UC calls controversial $4 billion Blackstone investment a ‘capitalist’ gain for retirees

University of California investment officials said Thursday their controversial decision to invest $4 billion in private equity giant Blackstone was a “capitalist decision” aimed at maximizing returns for UC retirees and pushed back against criticism that it would worsen the student housing crisis.

The investment controversy escalated this week, when more than 40 organizations representing UC faculty, students, workers and statewide housing advocates demanded that the university separates from Blackstone. The groups blame Blackstone for exacerbating the state’s housing crisis by buying up homes and apartments in California and elsewhere, driving up rents to unaffordable levels. The groups also demanded a rent freeze on all UC housing, both on and off campus, a commitment to end no-fault evictions and other protections in a letter to senior UC officials. .
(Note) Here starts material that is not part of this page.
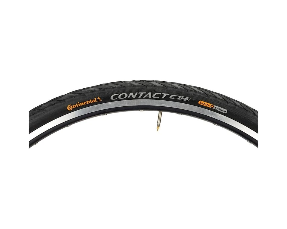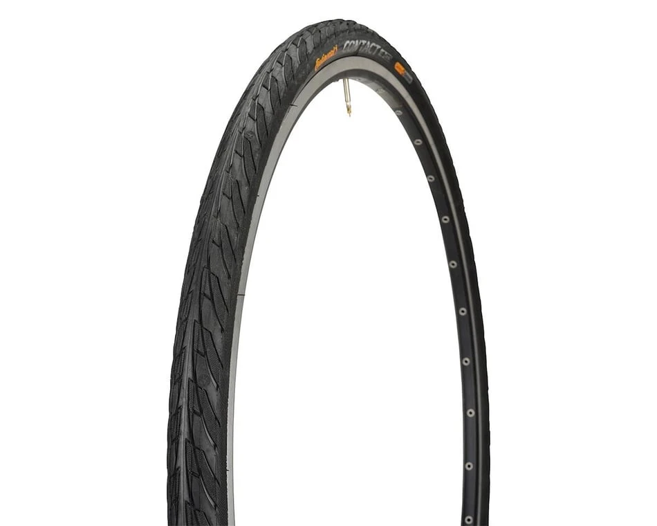 Designed to handle the rigors of city cycling, but tough enough for paths and dirt roads, the Continental Contact City Tire places a premium on durability and puncture resistance. Its tread pattern ensures low rolling resistance for straight-line speed while the edges deliver ample traction in wet conditions or on dirt roads. Continental’s SafetyPlus Breaker puncture-resistant belt helps reduce the occurrence of flats, particularly of importance when venturing out on rougher surfaces, while a variety of size options for 26″ or 700c diameter wheels ensure there’s a Contact City Tire for your bike.
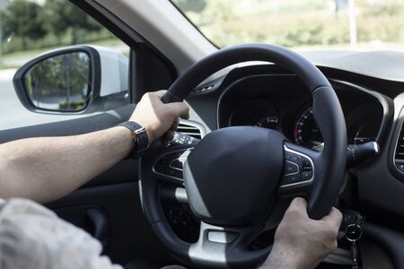 Hands of the driver of the vehicle at the wheel of the car. Driving an auto car.

UC Chief Investment Officer Jagdeep Singh Bachher defended the investment Thursday at the Board of Regents meeting in San Francisco. He said he “deeply appreciates” the housing crisis, but also acknowledged a pension crisis across the country that has reinforced his commitment to investing in assets with a robust rate of return for current and future pensioners in the CPU. Under the deal with the Blackstone Real Estate Income Trust, UC would earn a minimum annual return of 11.25% over six years, well above the 6.75% needed to keep the UC pension fund on solid, according to university investment managers.
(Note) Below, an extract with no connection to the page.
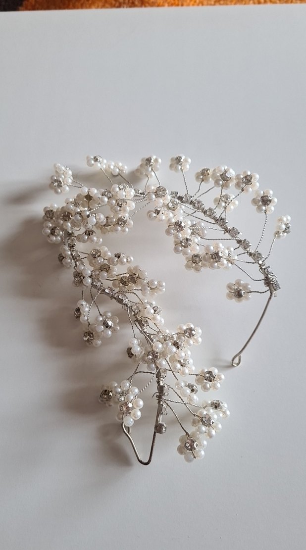 Beyaz cam boncuklarla süslenmiş, gri tabanlı, çağdaş ve minimalist tasarıma sahip kadın saç aksesuarı. ✨

“The job of this team day in and day out is to select assets that will be accretive for future generations and future retirees,” Bachher said. “And to do that… I have to make capitalist decisions. And this decision regarding Blackstone…was purely an investment decision for the benefit of UC…and to meet the needs of our retirees and our endowment.

Blackstone executives said the fund has “virtually no ability to influence the trend of market rents” because it owns less than 1% of rental housing in the United States. Only 6% of its housing investments are in California and more than two-thirds of residential properties are designated as affordable housing where rents are set by the federal government.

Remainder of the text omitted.